Doktora gittim, çocuğu aldırmam için çok para istedi. Ben de annene
gittim. Ondan borç para aldım. Sonra doktora gidip çocuğu
aldırdım. Ama parayı annene ödeyemedim. Beni devamlı
sıkıştırıp durdu. Parayı ne
yaptığımı soruyordu. Rahmetli kocama söylemekle tehdit
ediyordu. Ben de sonunda dayanamadım, annene güvendim, başıma
gelenleri anlattım. O zamanlarda da kocamın hastalığı
çıktı ortaya. Sonra iyice ağırlaşınca, annen
benden o parayı istemedi bir daha. Ama kocam ölüp de seninle evlenmem
gündeme gelince ve sonra da evlenince, annen beni
sıkıştırmaya başladı. Aslında annen
değil benim çocuk doğurmamı isteyen, baban. Annen babandan çok
korkuyor. Çocuğu alan doktor artık nasıl yaptıysa hasar
vermiş rahmime. Onun için hamile kalamadım bir türlü. Annen de
biliyor bunu zaten!” dedi.
Başımdan aşağı kaynar sular döküldü. Karım
gerçekleri söylüyordu belli ki. Görümcesinin kocası, yani Remzi abi
karıma tecavüz etmişti. Remzi abi etrafında örfüne, âdetine,
töresine bağlı, saygılı bir adam olarak bilinirdi.

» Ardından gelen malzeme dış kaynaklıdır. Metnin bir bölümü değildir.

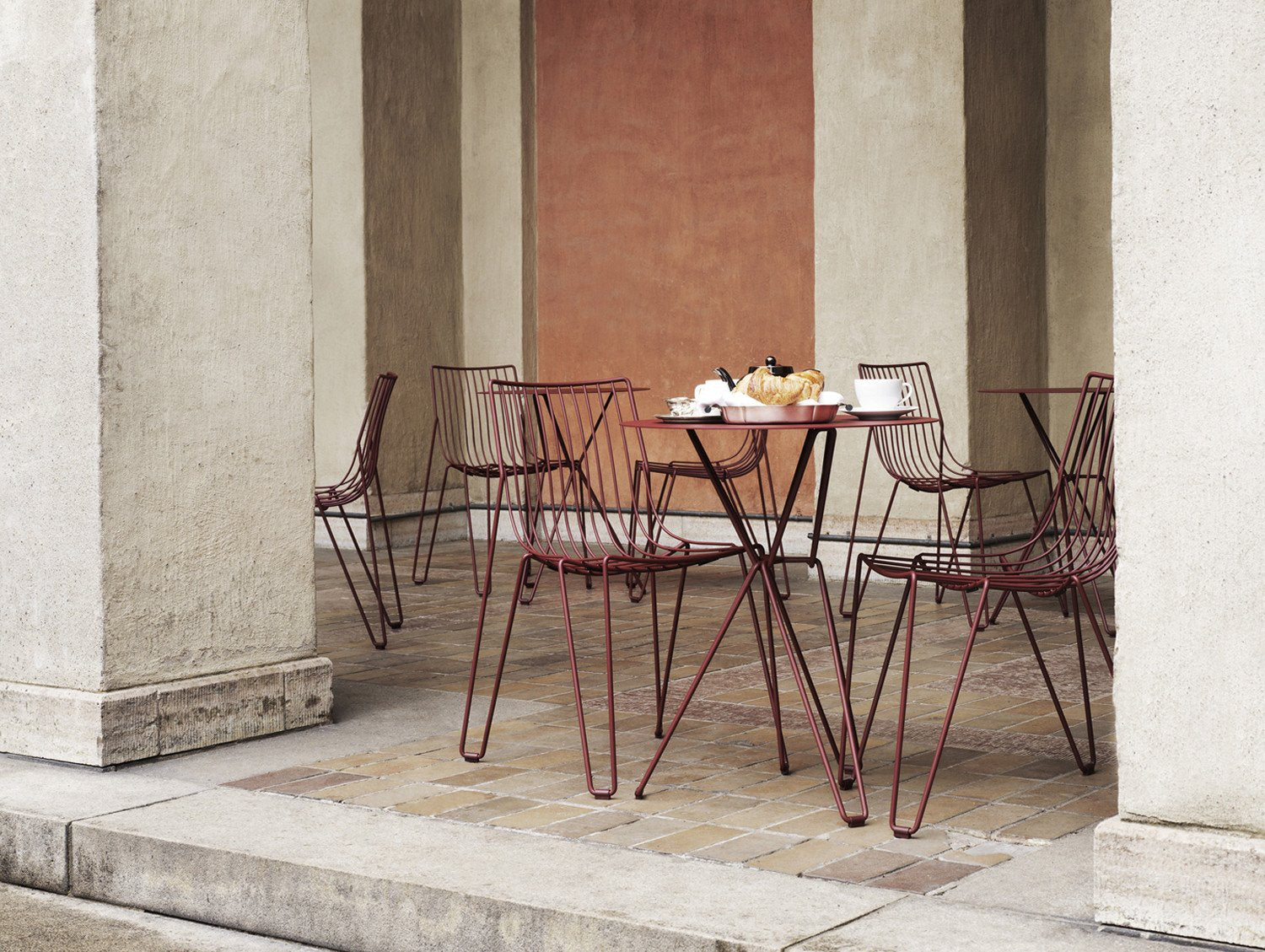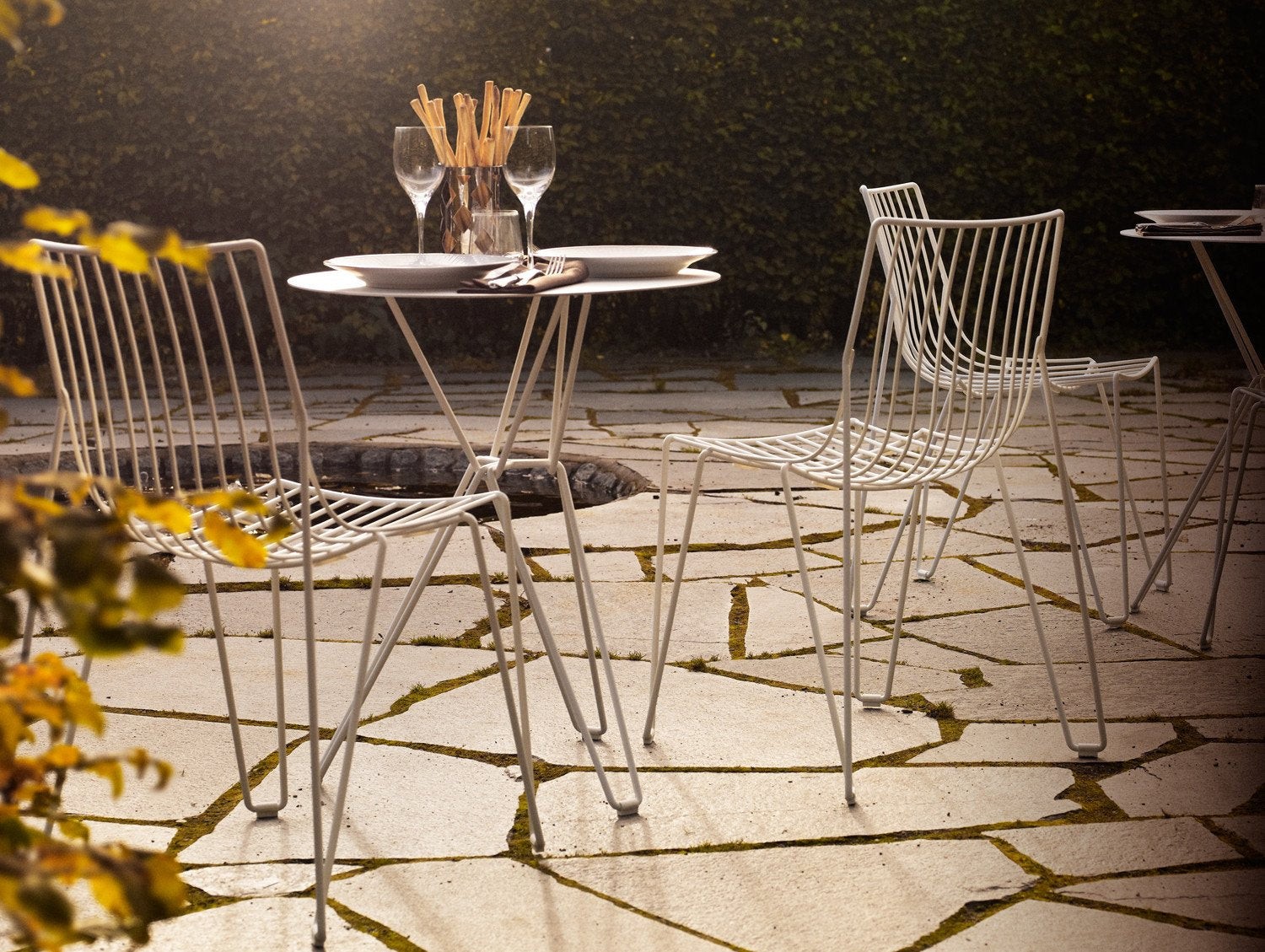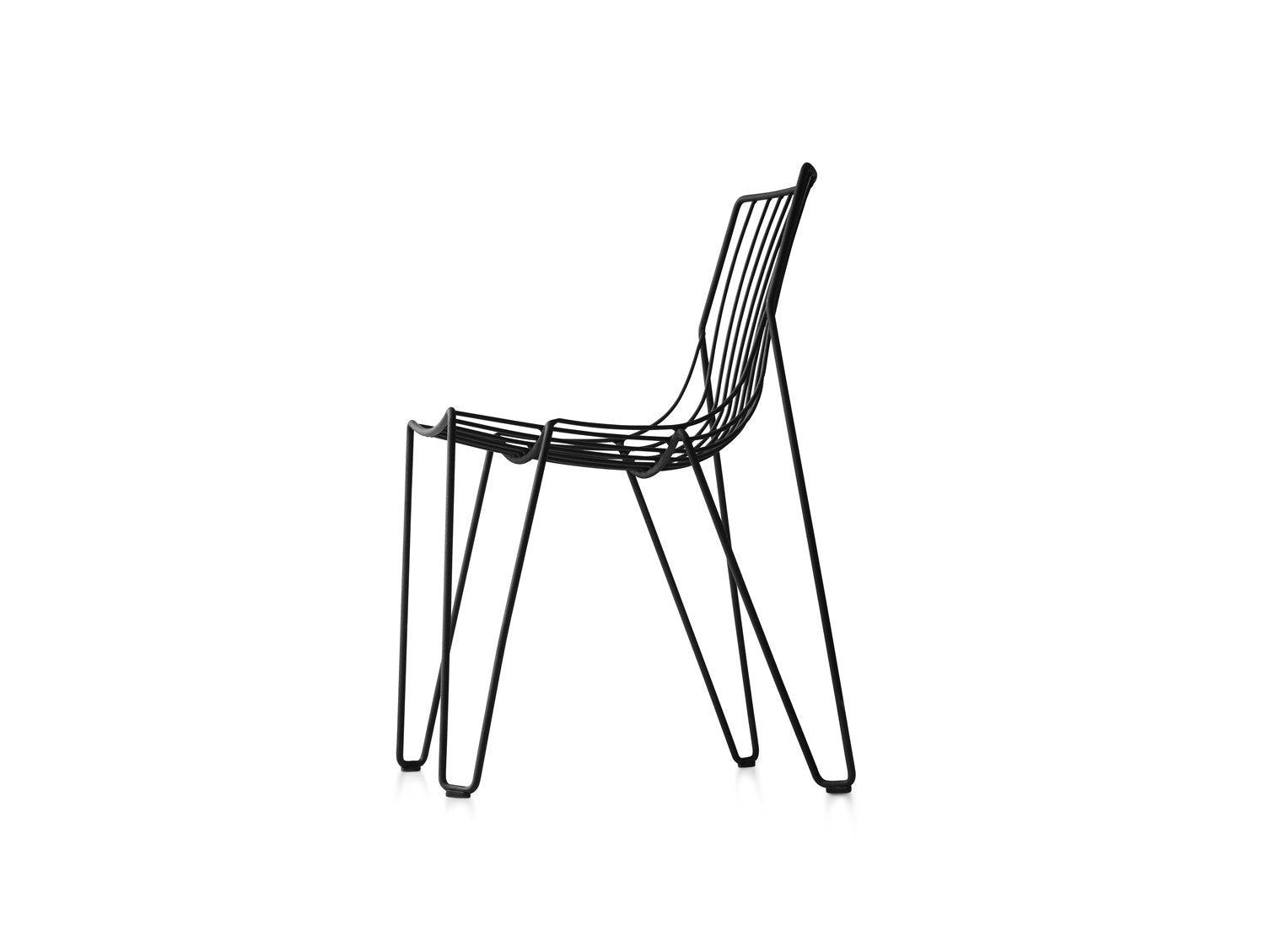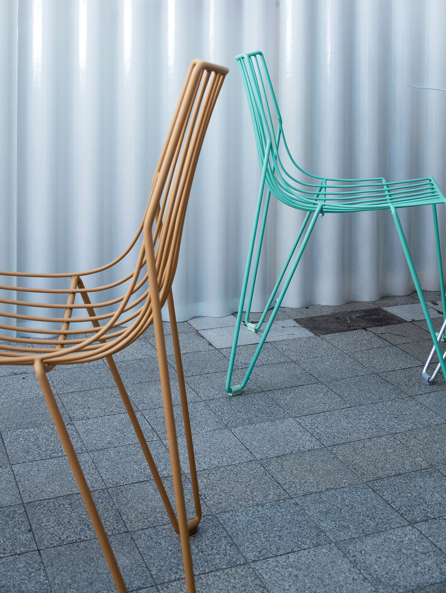 The Massproductions Tio chair is an elegant, stackable chair made solely from steel wire. Due to its transparency and clarity of design, The Tio Chair blends in well with a large variety of architectural styles. A purposeful thick wire construction makes it impossible for water to settle on the surface, the ideal design for the great British weather.

Karısı Selma abla da öyleydi. Evinin balkonuna çıkarken bile
siyah çarşafını giyen bir kadındı. Şimdi
karım bu Remzi abinin kendisine tecavüz ettiğini söylüyordu. Gözlerim
karardı. Ne diyeceğimi, yapacağımı bilmiyordum. Ama
karım belki de yalan söylemediğine inandırmak için anlatmaya
devam etti:
“Ben bir gün görümcemlere gitmiştim. Görümcem de çocukları da yoktu,
ama Remzi abi evdeydi. Beni içeri aldı. Sonra da, (Kız bir kahve yap
da içelim, senin kahven güzel oluyor!) dedi. Ben de mutfağa geçtim,
sonuçta o da benim bir abim sayılırdı. Ben kahveyi yaparken bu
mutfağa geldi. Arkamdaki sandalyeye geçip oturdu. Ben tedirgin oldum, ama
bir şey diyemedim. Kahvesini yapıp fincana koydum, o sırada bu
kalkıp arkamdan sarıldı bana. (Kız öldüm bittim sana, benim
karıda iş yok. Bana evet de, seni zengin ederim. Haftada bir
uğrarım sana, yada sen gelirsin!) demeye başladı. Bir
taraftan da her yerimi elliyordu. Ben, (Abi ne yapıyorsun? Bırak
beni, saçmalama!) desem de dinlemedi. Sonra suratıma birkaç tane tokat
attı. Beni zorla kolumdan tutup yatak odasına götürdü, üzerimdekileri
zorla çıkartıp tecavüz etti. Günlerce kendime gelemedim. Namusuma
kara leke sürülmüştü. Sonra adet olmadım o ay. Hamile olduğumu
anladım, doktora gittim. Gerçekten de hamileymişim. Aldırmak
istedim ama çok para istedi doktor. Ben de annenden aldım parayı!”
dedi.
Karımın konuşması bittiğinde kan beynime
sıçramıştı. Karım yakın bir akrabamızın
tecavüzüne uğramıştı. Bunu aklım almıyordu bir
türlü. Hem de Remzi abinin tecavüzüne. Benim yapabileceğim tek şey,
Konya’ya dönünce aynı şekilde Remzi abinin karısı Selma
ablayı sikmek olacaktı. Kısasa kısasla cevap verecektim,
hem de bunu Remzi abinin gözleri önünde yapacaktım. Kendi kendime bunun
sözünü verdim. Ama şimdi aklıma takılan başka bir şey
vardı: “Annem bunun için mi senden nefret ediyor?” dediğimde,
karım, “Hayır, o başka!” dedi. Neydi başka olan?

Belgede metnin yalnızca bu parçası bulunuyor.